Linux内存管理 (16)内存规整
专题:Linux内存管理专题
关键词:内存规整、页面迁移、pageblock、MIGRATE_TYPES。
内存碎片的产生:伙伴系统以页为单位进行管理,经过大量申请释放,造成大量离散且不连续的页面。这时就产生了很多碎片。
内存规整也即内存碎片整理,内存碎片也是以页面为单位的。实现基础是内存页面按照可移动性进行分组。内存规整的实现基础是页面迁移。
Linux内核以pageblock为单位来管理页的迁移属性。
为什么需要内存规整?
有些情况下,物理设备需要大段连续物理内存。虽然此时空闲内存足够,但是哟与无法找到连续的物理内存,仍然造成内存分配失败。
1. 内存规整的触发
下面是内存页面分配,以及分配失败之后采取的措施,以便促成分配成功。
可以看出采取的措施,越来越重。首先采用kswapd来进行页面回收,然后尝试页面规整、直接页面回收,最后是OOM杀死进程来获取更多内存空间。

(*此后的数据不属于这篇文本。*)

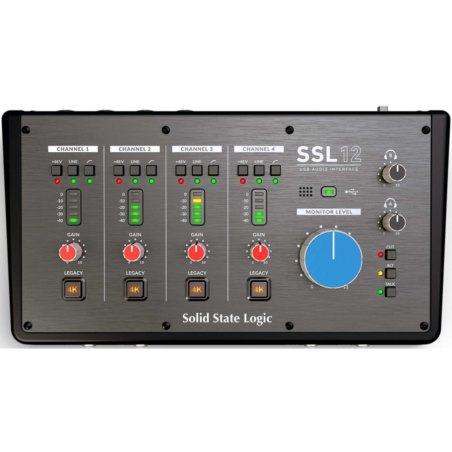 Solid State Logic SSL 12 оснащений чотирма аналоговими передпідсилювачами, які забезпечують величезний діапазон підсилення та неперевершену якість звуку. Ці передпідсилювачі живляться від USB і поєднують у собі спеціально обрані низькошумні транзистори з інтегральними схемами, що забезпечує винятково низький рівень шуму (-130 дБу EIN) та широкий діапазон підсилення (62 дБ).

alloc_pages-------------------------------------页面分配的入口 ->__alloc_pages_nodemask ->get_page_from_freelist--------------------直接从zonelist的空闲列表中分配页面 ->__alloc_pages_slowpath--------------------在初次尝试分配失败后,进入slowpath路径分配页面 ->wake_all_kswapds------------------------唤醒kswapd内核线程进行页面回收 ->get_page_from_freelist------------------kswapd页面回收后再次进行页面分配 ->__alloc_pages_direct_compact------------进行页面规整,然后进行页面分配 ->__alloc_pages_direct_reclaim------------直接页面回收,然后进行页面分配 ->__alloc_pages_may_oom-------------------尝试触发OOM
另一条路径是在kswapd的balance_pgdat中会判断是否需要进行内存规整。

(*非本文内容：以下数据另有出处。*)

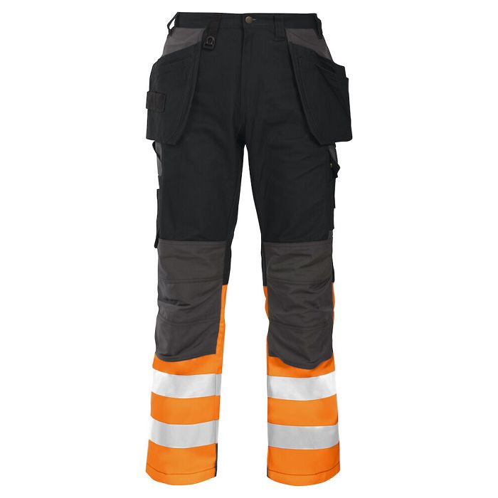 Pantalon 100% coton - 2 poches flottantes à clous a/renforts Cordura® pouvant être rangées dans les poches cavalières devant - Poche jambe gauche sous rabat + pression a/ 3 compartiments dont 1pour téléphone - Poche jambe droite 1 poche Cordura + compartiments + coutures décalées - 2 boucles réglables de marteau + 2 clips D - 275 g/m2 - Renforts CORDURA® aux poches / genoux / bas de pantalon pour une meilleure résistance - 2 boucles réglables de marteaux + 2 clips D - Compartiments genouillères intérieurs préformés réglables en hauteur + Cordura ® - Boucles Inbag - Attache pour le badge d'identification - Boucle + support étui à couteau - EN ISO 20471 Classe 1 - Certification Oekotex 100 - Lavage 60°

kswapd ->balance_pgdat-------------------------------遍历内存节点的zone,判断是否处于平衡状态即WMARK_HIGH。 ->compact_pgdat-----------------------------针对整个内存节点进行内存规整
其中compact_pddat->__compact_pgdat->compact_zone,最终的实现和__alloc_pages_direct_compact调用compact_zone一样。
1.1 内存规整相关节点
内存规整相关有两个节点,compact_memory用于触发内存规整;extfrag_threshold影响内核决策是采用内存规整还是直接回收来满足大内存分配。
节点入口代码:
static struct ctl_table vm_table[] = { ... #ifdef CONFIG_COMPACTION { .procname = "compact_memory", .data = &sysctl_compact_memory, .maxlen = sizeof(int), .mode = 0200, .proc_handler = sysctl_compaction_handler, }, { .procname = "extfrag_threshold", .data = &sysctl_extfrag_threshold, .maxlen = sizeof(int), .mode = 0644, .proc_handler = sysctl_extfrag_handler, .extra1 = &min_extfrag_threshold, .extra2 = &max_extfrag_threshold, }, #endif /* CONFIG_COMPACTION */
... { } }
1.1.1 /proc/sys/vm/compact_memory
打开compaction Tracepoint:echo 1 > /sys/kernel/debug/tracing/events/compaction/enable
触发内存规整:sysctl -w vm.compact_memory=1
查看Tracepoint:cat /sys/kernel/debug/tracing/trace
1.1.2 /proc/sys/vm/extfrag_threshold
在compact_zone中调用函数compaction_suitable->__compaction_suitable进行判断是否进行内存规整。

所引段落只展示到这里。